> What to do
In the listing below, find the line containing "Statue de KABYLIE." and the line containing "LGBTQ+当事者の方々への". Repeat exactly those two lines and every line between them, nothing more.

_____

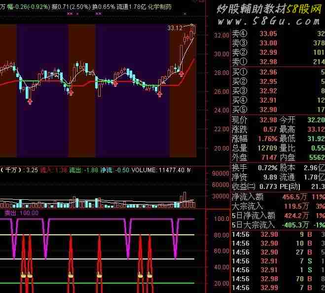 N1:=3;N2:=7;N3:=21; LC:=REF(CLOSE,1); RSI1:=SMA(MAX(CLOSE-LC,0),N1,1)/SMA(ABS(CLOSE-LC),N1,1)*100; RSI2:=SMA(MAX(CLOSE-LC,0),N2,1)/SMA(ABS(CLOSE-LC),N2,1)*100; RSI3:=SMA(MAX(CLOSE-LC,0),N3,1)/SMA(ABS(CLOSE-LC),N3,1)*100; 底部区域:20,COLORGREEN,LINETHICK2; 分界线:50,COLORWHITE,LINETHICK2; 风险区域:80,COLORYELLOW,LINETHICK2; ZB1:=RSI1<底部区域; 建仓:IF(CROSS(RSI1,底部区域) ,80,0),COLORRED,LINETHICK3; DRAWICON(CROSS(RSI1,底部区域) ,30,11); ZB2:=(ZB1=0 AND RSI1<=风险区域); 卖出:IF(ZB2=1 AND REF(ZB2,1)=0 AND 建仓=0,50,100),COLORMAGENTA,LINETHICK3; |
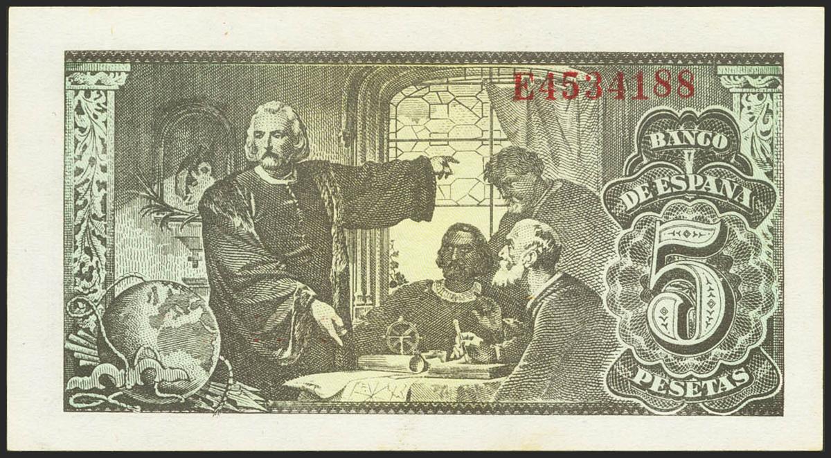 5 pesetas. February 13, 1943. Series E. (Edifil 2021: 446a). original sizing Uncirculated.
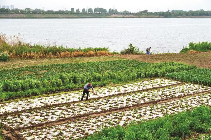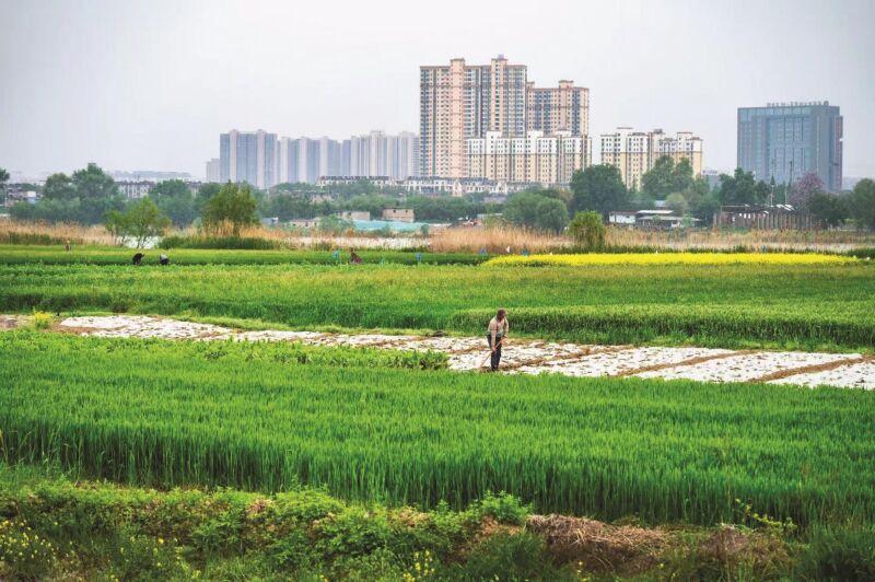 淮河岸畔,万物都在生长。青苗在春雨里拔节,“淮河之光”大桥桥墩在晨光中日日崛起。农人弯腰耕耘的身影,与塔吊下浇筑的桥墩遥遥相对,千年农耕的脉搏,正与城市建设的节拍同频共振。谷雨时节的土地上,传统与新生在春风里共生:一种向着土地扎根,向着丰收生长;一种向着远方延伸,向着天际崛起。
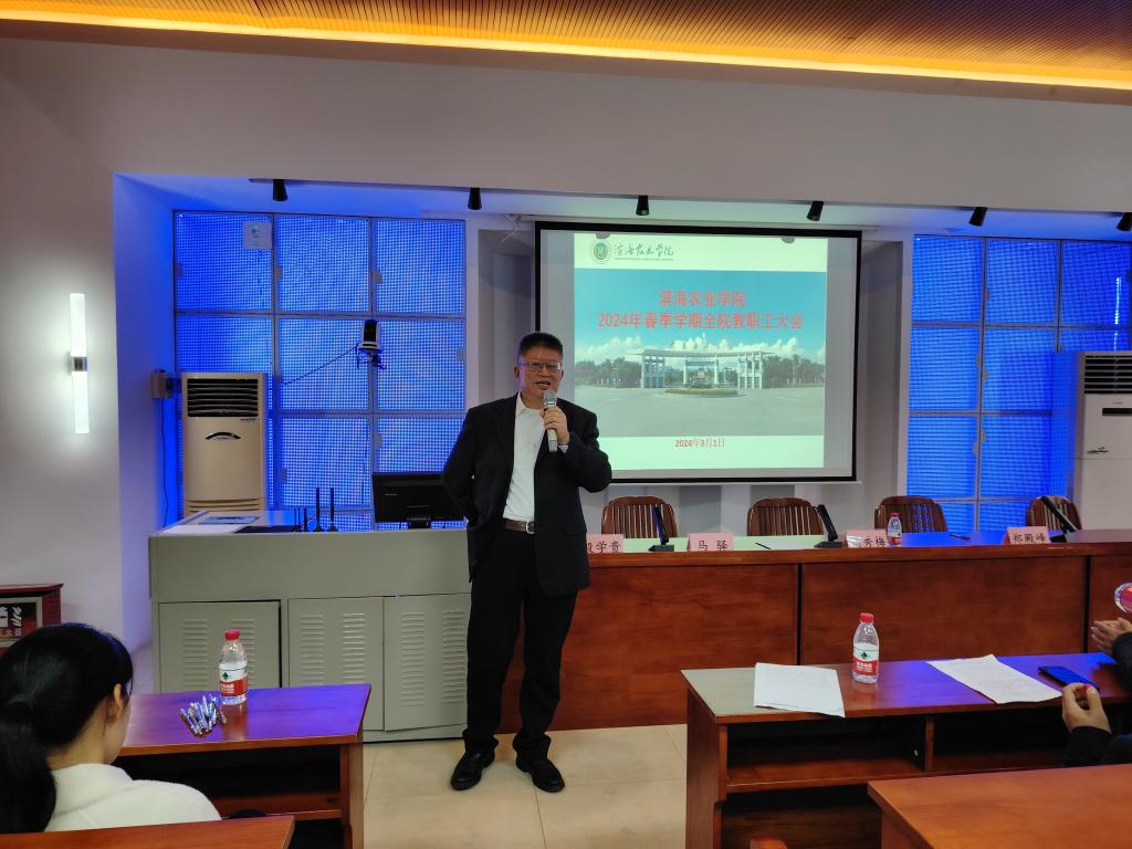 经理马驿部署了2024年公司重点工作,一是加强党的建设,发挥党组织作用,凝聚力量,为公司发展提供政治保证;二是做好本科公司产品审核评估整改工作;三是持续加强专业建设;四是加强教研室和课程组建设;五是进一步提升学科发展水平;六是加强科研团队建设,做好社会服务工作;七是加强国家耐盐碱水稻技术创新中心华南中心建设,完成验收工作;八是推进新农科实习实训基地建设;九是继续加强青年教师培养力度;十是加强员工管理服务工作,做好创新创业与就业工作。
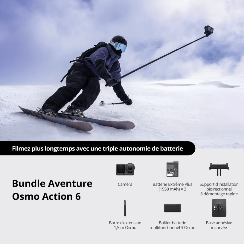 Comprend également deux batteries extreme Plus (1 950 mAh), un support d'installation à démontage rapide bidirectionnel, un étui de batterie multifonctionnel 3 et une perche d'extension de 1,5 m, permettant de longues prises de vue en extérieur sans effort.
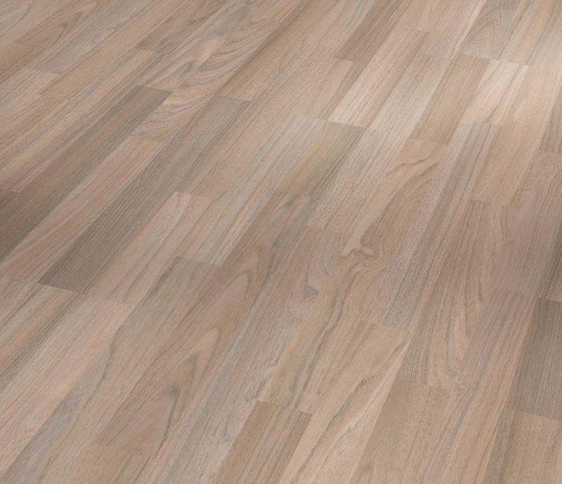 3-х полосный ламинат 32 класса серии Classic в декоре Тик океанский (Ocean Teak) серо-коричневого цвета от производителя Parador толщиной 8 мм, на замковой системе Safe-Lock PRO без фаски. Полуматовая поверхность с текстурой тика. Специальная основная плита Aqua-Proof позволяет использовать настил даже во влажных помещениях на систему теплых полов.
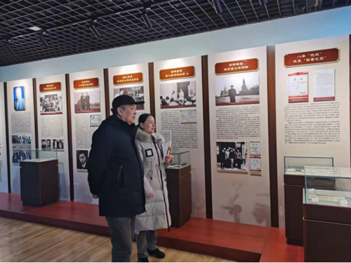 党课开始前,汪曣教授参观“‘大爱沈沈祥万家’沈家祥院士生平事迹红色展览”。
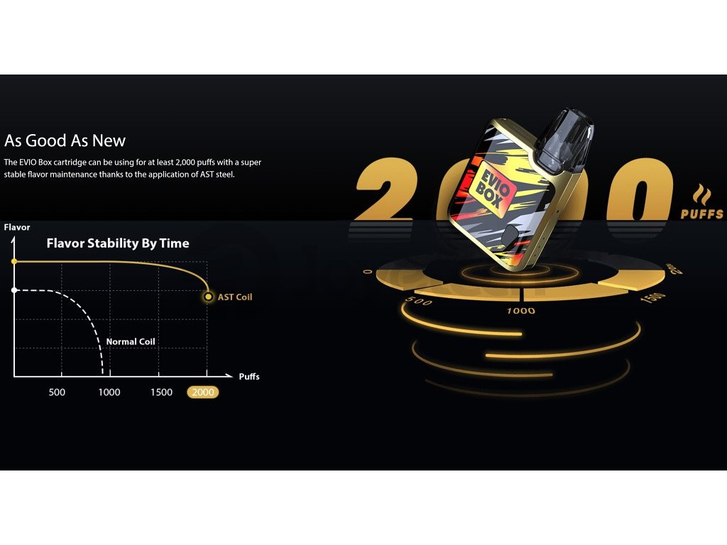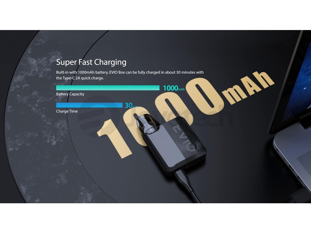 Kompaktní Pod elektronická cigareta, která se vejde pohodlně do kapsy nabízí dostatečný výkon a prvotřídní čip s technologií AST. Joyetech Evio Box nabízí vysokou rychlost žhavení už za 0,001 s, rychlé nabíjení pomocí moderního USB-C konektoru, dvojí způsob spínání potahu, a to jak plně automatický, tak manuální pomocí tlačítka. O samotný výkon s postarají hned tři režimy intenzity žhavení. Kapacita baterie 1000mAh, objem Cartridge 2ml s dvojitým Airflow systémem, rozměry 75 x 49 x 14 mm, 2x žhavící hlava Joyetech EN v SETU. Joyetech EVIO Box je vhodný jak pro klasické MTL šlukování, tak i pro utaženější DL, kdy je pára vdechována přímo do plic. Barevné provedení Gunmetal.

_____

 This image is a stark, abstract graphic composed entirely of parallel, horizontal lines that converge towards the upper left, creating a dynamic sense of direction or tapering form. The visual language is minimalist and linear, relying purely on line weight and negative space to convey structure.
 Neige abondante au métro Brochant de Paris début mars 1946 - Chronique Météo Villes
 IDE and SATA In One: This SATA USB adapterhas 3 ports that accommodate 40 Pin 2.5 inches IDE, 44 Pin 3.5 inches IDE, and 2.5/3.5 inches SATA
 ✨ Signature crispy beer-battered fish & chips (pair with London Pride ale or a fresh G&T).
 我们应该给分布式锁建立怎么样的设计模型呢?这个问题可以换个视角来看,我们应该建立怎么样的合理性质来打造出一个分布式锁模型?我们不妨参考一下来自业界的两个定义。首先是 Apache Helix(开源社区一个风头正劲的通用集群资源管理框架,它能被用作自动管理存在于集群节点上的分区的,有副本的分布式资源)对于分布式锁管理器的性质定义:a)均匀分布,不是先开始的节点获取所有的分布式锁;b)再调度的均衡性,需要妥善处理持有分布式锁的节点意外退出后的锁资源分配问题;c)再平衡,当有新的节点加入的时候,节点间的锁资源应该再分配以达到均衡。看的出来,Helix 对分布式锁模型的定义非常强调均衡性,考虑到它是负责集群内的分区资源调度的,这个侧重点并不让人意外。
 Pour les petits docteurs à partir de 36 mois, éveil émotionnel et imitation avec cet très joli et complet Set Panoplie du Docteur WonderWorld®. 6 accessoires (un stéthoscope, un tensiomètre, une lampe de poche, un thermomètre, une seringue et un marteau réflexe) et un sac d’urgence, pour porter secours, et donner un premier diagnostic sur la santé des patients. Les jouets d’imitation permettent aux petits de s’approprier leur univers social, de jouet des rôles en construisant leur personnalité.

_____

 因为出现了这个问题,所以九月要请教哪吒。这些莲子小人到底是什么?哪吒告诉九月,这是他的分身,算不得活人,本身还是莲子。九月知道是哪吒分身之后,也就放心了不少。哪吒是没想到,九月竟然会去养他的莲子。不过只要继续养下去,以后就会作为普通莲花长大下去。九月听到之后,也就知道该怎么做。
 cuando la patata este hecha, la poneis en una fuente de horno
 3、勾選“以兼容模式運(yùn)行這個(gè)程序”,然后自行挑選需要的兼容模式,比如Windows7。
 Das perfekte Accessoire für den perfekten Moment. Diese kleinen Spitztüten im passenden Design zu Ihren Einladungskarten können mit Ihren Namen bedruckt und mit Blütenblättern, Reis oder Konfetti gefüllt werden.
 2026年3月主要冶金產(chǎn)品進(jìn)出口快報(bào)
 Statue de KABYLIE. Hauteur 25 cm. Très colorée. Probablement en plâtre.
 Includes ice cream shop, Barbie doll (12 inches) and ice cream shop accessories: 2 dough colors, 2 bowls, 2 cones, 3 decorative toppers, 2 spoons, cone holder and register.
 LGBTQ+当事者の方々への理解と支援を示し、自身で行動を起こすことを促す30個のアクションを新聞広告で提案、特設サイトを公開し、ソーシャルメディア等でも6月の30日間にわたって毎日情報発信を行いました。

_____

> Solution to this exercise
 Statue de KABYLIE. Hauteur 25 cm. Très colorée. Probablement en plâtre.
 Includes ice cream shop, Barbie doll (12 inches) and ice cream shop accessories: 2 dough colors, 2 bowls, 2 cones, 3 decorative toppers, 2 spoons, cone holder and register.
 LGBTQ+当事者の方々への理解と支援を示し、自身で行動を起こすことを促す30個のアクションを新聞広告で提案、特設サイトを公開し、ソーシャルメディア等でも6月の30日間にわたって毎日情報発信を行いました。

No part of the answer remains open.